───── Material provided ─────

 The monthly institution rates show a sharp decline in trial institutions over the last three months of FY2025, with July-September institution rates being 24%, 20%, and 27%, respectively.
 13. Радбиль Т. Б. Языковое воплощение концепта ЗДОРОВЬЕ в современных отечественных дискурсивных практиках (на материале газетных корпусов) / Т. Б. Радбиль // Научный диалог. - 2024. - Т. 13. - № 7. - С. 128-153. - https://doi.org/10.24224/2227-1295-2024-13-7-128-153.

─────
───── Material provided ─────

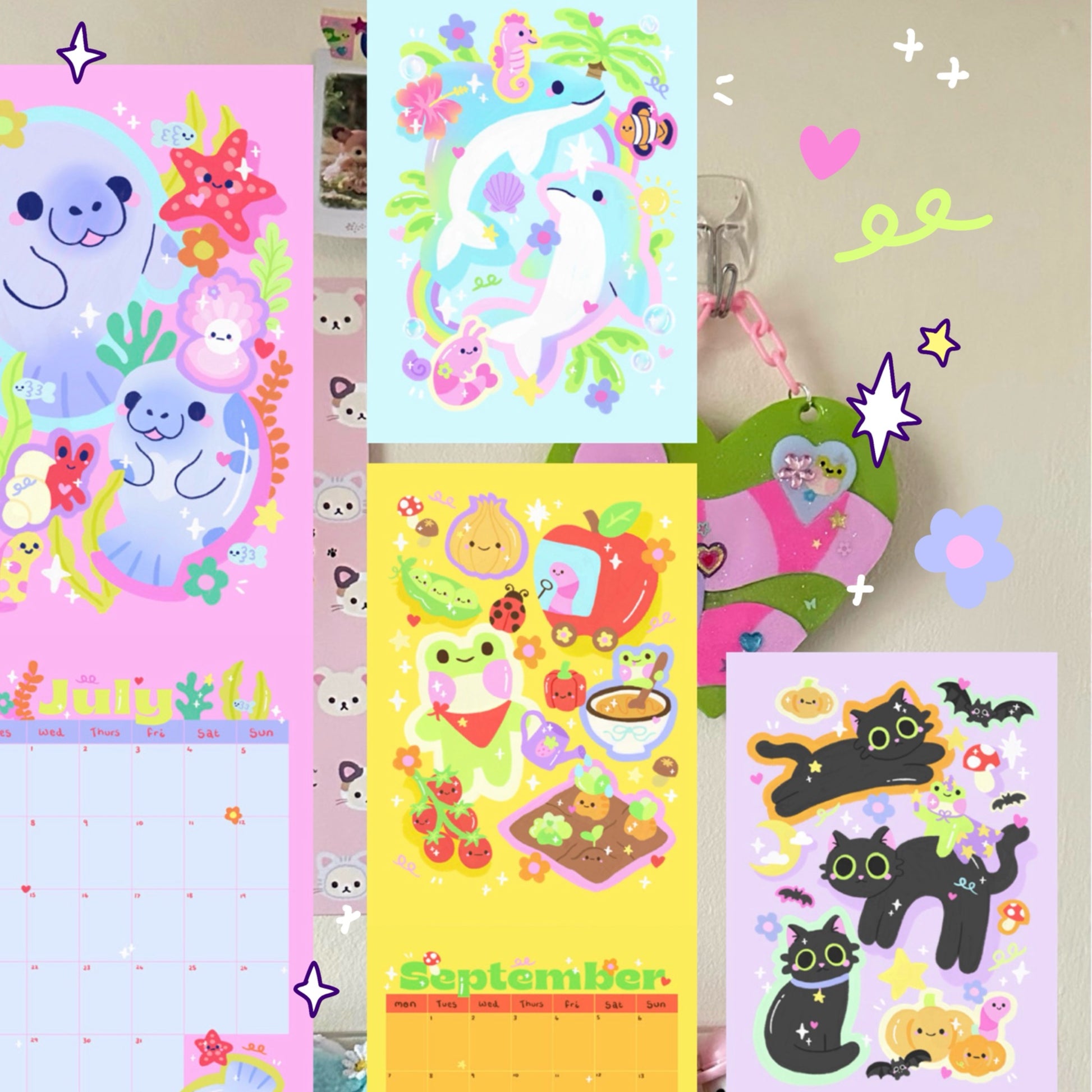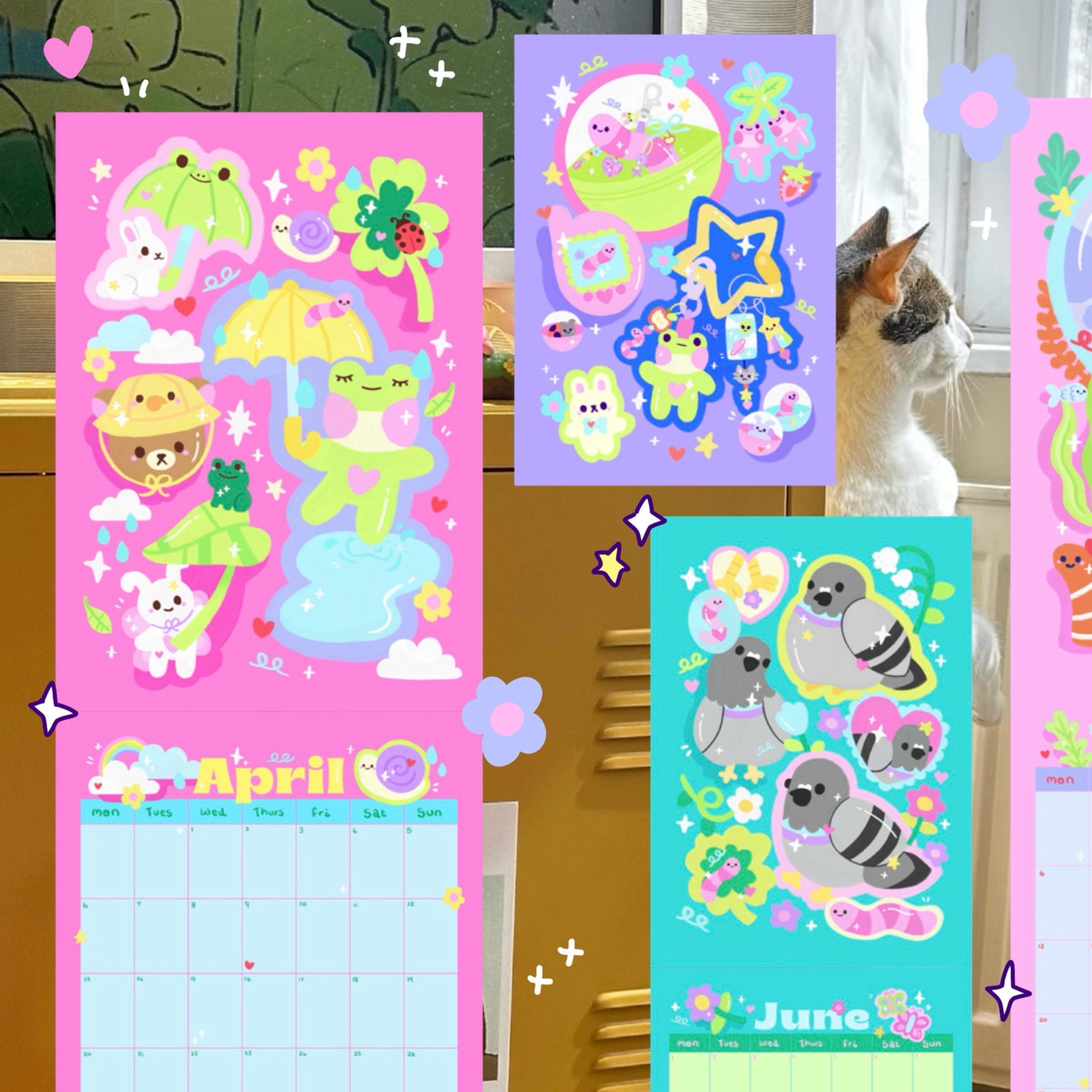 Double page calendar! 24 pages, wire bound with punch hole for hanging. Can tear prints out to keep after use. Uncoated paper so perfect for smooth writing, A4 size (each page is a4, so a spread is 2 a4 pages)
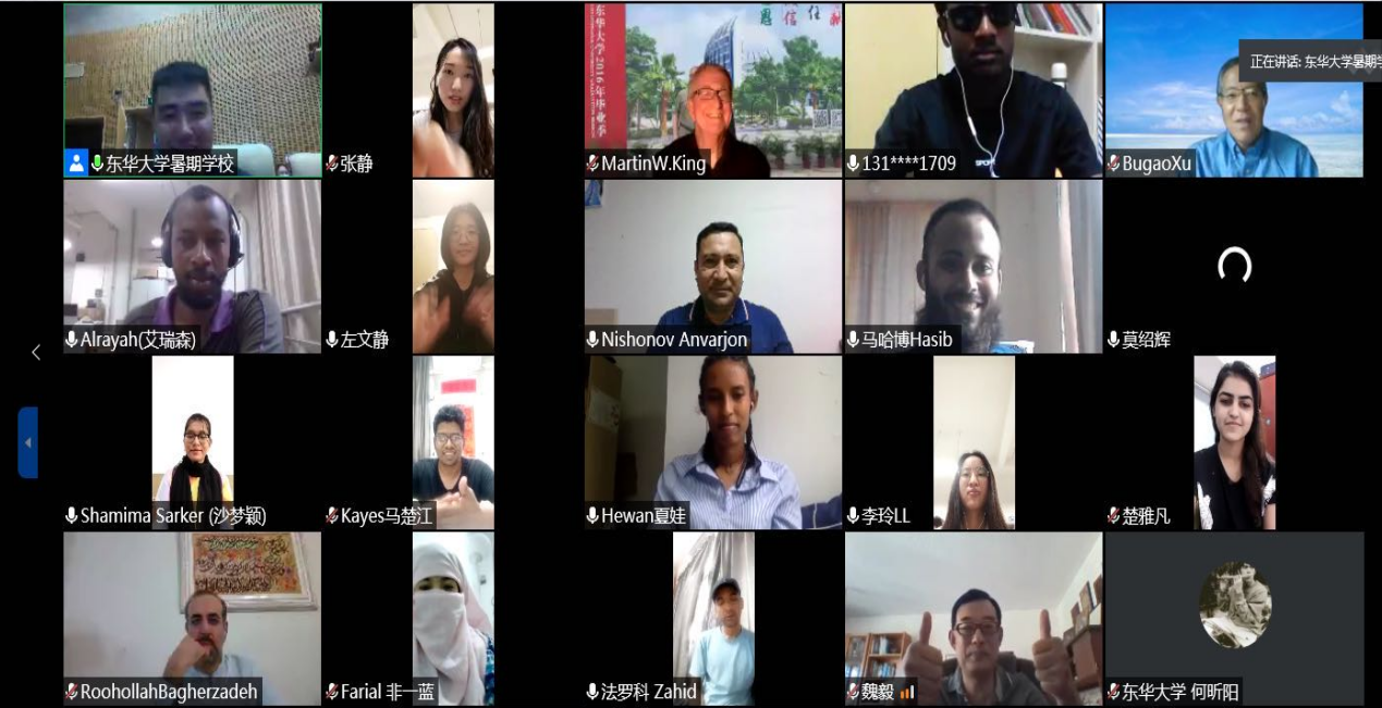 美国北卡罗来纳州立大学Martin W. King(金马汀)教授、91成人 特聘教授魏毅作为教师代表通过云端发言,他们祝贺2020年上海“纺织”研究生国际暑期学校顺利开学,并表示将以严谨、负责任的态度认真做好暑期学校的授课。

─────

* What needs to be done: From the data above, return every line from the line that has "The monthly institution" up to and including the line that has "13. Радбиль Т.", exactly.

* Solution:
 The monthly institution rates show a sharp decline in trial institutions over the last three months of FY2025, with July-September institution rates being 24%, 20%, and 27%, respectively.
 13. Радбиль Т. Б. Языковое воплощение концепта ЗДОРОВЬЕ в современных отечественных дискурсивных практиках (на материале газетных корпусов) / Т. Б. Радбиль // Научный диалог. - 2024. - Т. 13. - № 7. - С. 128-153. - https://doi.org/10.24224/2227-1295-2024-13-7-128-153.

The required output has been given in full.